The implementation strategy is simple, for each non-terminal $X$ we perform a case analysis on the next token $a$ of the input, and then we “execute” the unique parsing rule that is listed in the parsing table with row $X$ and column $a$. Otherwise, if that cell of the table is empty, we raise an exception.

For example, for non-terminal $D$, the only terminals that have non-empty cells are true, false, left-paren and identifier and, in each of these, the parsing rule is $D \longrightarrow C\ D’$. We think of this parsing rule as saying: “to parse a string using $D$, first parse the first part of the string using $C$ and then parse the second part of the string using $D’$”. So, in the code for d() we have a match on the next token, with these four cases all giving rise to the same expression c(); d'() which consists of parsing the first part of the string using c() and then parsing the next part of the string using d'().

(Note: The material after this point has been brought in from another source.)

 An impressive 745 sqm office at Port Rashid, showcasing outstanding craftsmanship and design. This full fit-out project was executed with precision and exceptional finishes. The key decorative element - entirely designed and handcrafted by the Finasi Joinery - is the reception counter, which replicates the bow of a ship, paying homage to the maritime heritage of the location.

When a parsing rule would require us to match a given terminal symbol $a$, as in $A \longrightarrow (D)$, we use eat a to do so. So, this part of the case analysis for $a()$ reads: eat TkLParen; d(); eat TkRParen. When a parsing rule requires that we do nothing, e.g. $C’ \longrightarrow \epsilon$, then we just return void, (), in the implementation.

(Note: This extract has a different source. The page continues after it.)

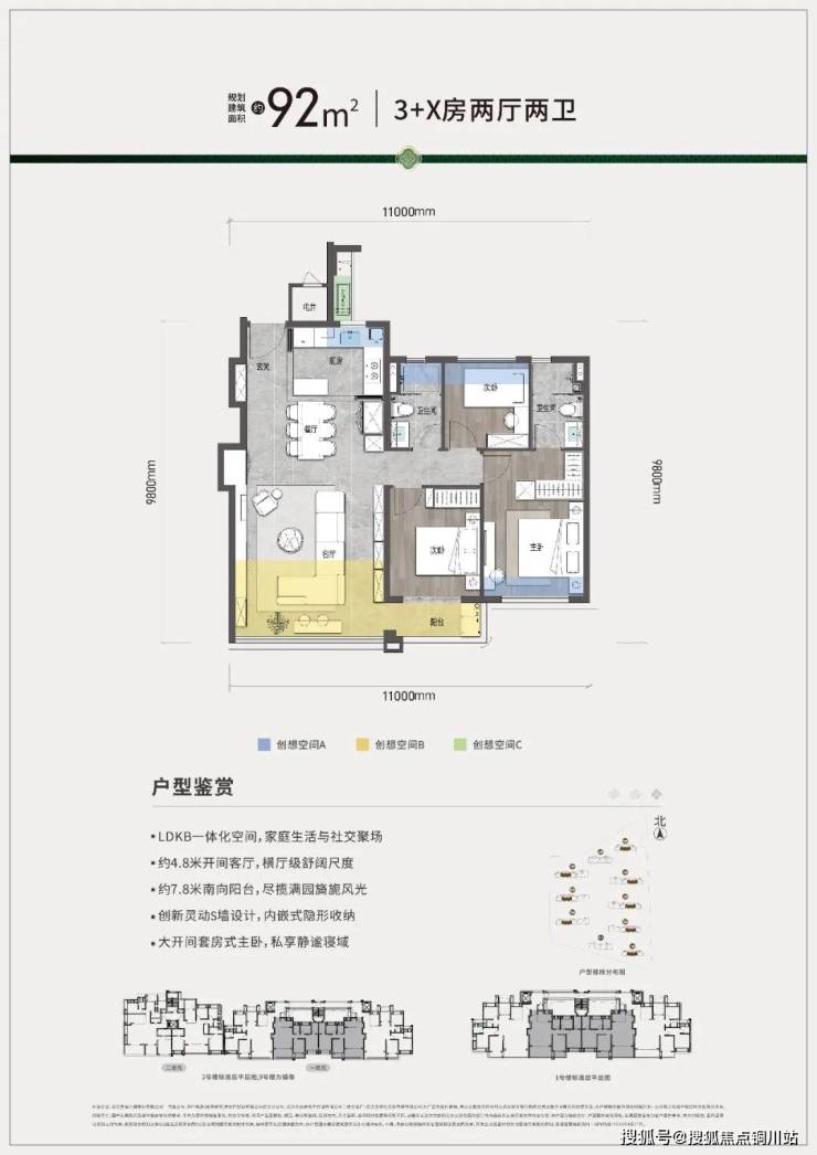 约92㎡户型,三房两卫,拥有着以往同级别面积几乎不可能出现的约4.8m开间大客厅

Then, to use the parsing functions, we simply need to take the input string, lex it to obtain a list of tokens and then “call” the start symbol s():

1
2
  let parse inp = 
    tokens := lex inp; s ()

If parse inp returns void, we can conclude that inp is a string in the language of the grammar and, otherwise, when parse inp throws an exception, we can conclude that inp is not a string in the language of the grammar.